Moje Audio, Audio Atelier

Moje Audio w krawieckim kontekście powyżej jest niewielkim butikiem o niemałej renomie, ukrytym gdzieś w jednej z uliczek odchodzących od tej najbardziej zatłoczonej. Ze sklepami o dużych powierzchniach rodem z centrów handlowych to miejsce ma wspólnego tyle co nic i tak jest dobrze. Natomiast zostawiając metaforykę w spokoju i przechodząc do stanu faktycznego, Moje Audio to firma zajmująca się dystrybucją jak pisałem, natomiast rola sklepu z wysokiej klasy sprzętem przypada zlokalizowanemu w Łodzi Audio Atelier. Miejsce to też może pochwalić się wyjątkowo ciekawym portfolio: Fidata, Thöress, Norma Audio, Cantano, Murasakino czy Ictra Design to firmy niszowe. Ale każda jedna jest ciekawa.

Osobny materiał o tym założonym przez Krzyśka przybytku został opublikowany blisko dwa lata temu na niniejszej stronie, zapraszam do lektury tutaj. Przywołuję je tu dla porządku, bo nieco przetarło szlaki dla nowego tworu o nazwie Art and Voice / Sztuka i Głos. To właśnie niemu jest poświęcona ta publikacja. Tutaj warto wspomnieć, że Krzysiek rezyduje we Wrocławiu, stąd logiczne było posiadanie przybytku podobnego do Audio Atelier, ale na miejscu.

Art and Voice / Sztuka i Głos

Krzysiek z Renatą postanowili otworzyć kolejny sklep, tym razem we Wrocławiu. Prawdę napisawszy to słowo ‘sklep’ trafnie oddaje stan faktyczny, ale kompletnie tu nie pasuje. W majestacie tego, co z Markiem zastaliśmy na miejscu, pieniądze, sprzedaż i inne powiązane historie wydają się czymś zupełnie odległym i niejako przy okazji, wręcz niestosownym. Przywykliśmy po prostu do typowych witryn sklepowych, sprzedawcy za ladą, szeregu kolumn jedna przy drugiej i wszędobylskich półek uginających się od sprzętu. Nie widzę w tym absolutnie nic złego, wręcz przeciwnie. Sęk w tym, że Krzysiek z Renatą celowali w miejsce o podobnej funkcjonalności, a jakże, niemniej wizualnie tak dalekie od typowo sklepowego obrazka jak to tylko możliwe i dokładnie to się im udało, wręcz bezbłędnie.
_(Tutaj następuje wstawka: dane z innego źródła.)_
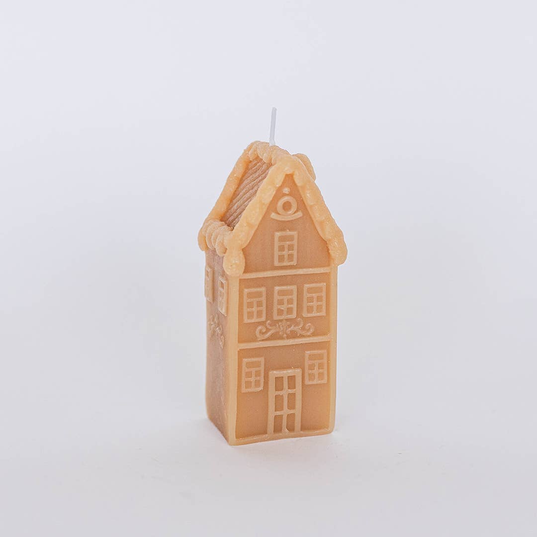 Cozy gingerbread house candle with snowy roof details. - brown colour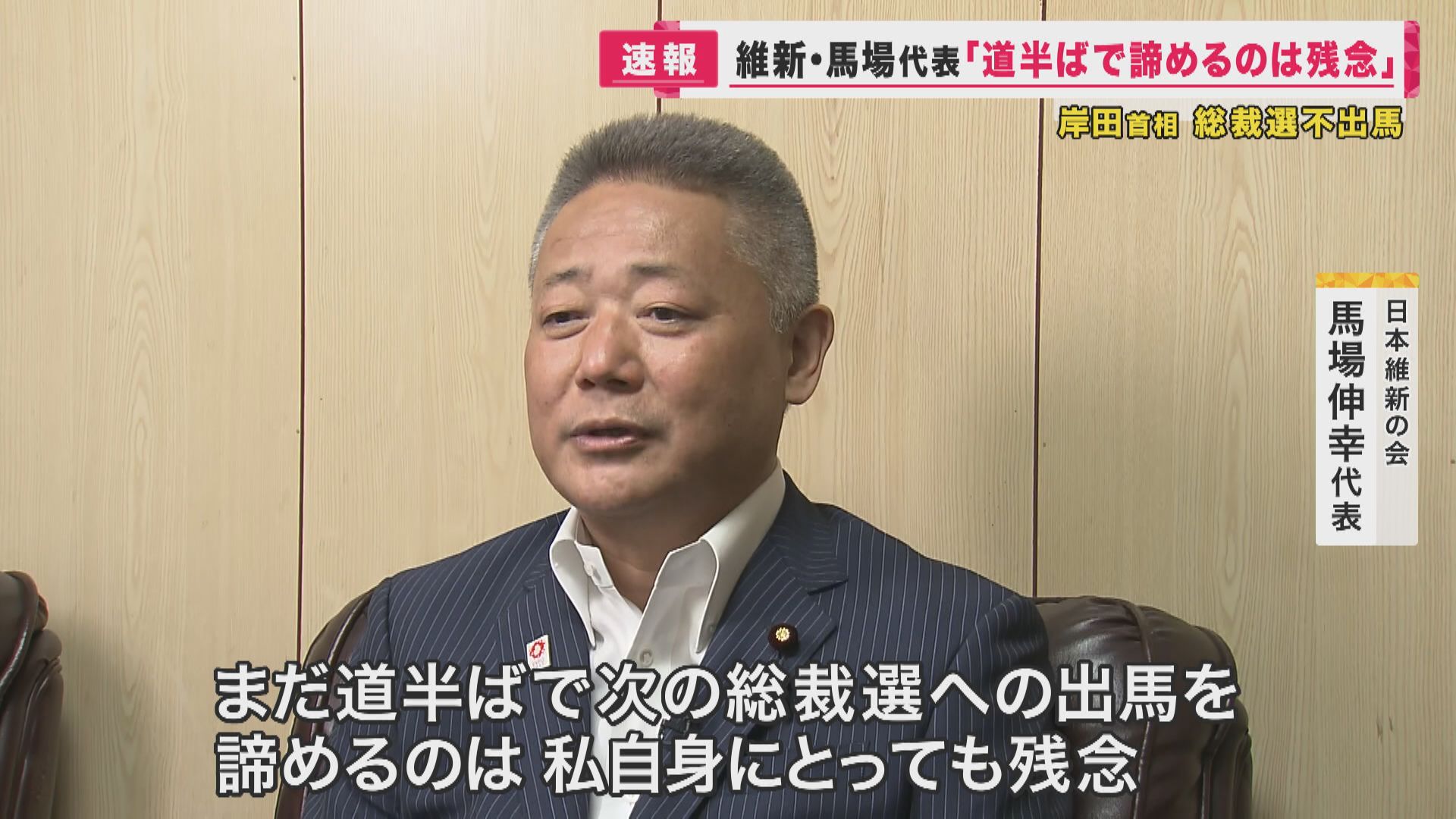 【日本維新の会 馬場伸幸代表】「政治とお金の問題の中で、岸田総理と私が政党間で合意して、必ず国民のみなさん方に納得していただけるような改革をやりましょうと。まだ道半ばで、次の総裁選への出馬を諦めるのは私自身にとっても残念」

Zajechaliśmy na ulicę Wojszycką 22a we Wrocławiu. Miła dzielnica, niska zabudowa, nieduże ulice. Można rzec, że to miasto w mieście. Przywitała nas brama elektryczna i kilkudziesięciometrowy podjazd. Wysoka zieleń stanowi naturalny mur dla terenu, na którym stoi posesja i w efekcie wyjątkowo skutecznie separuje od sąsiedztwa, dla mnie bomba. Sercem atrakcji okazał się duży dom utrzymany w mocno industrialnym, minimalistycznym stylu. Mariaż drewna, dużych szklanych powierzchni i szarego tynku wywarł na mnie niemałe wrażenie. Nie to, że jestem znawcą architektury, daleko do tego, choć doceniam budowle proste i stylowe. Ujmując rzecz krótko, w gustownym graniastosłupie na Wojszyckiej spokojnie mógłbym mieszkać.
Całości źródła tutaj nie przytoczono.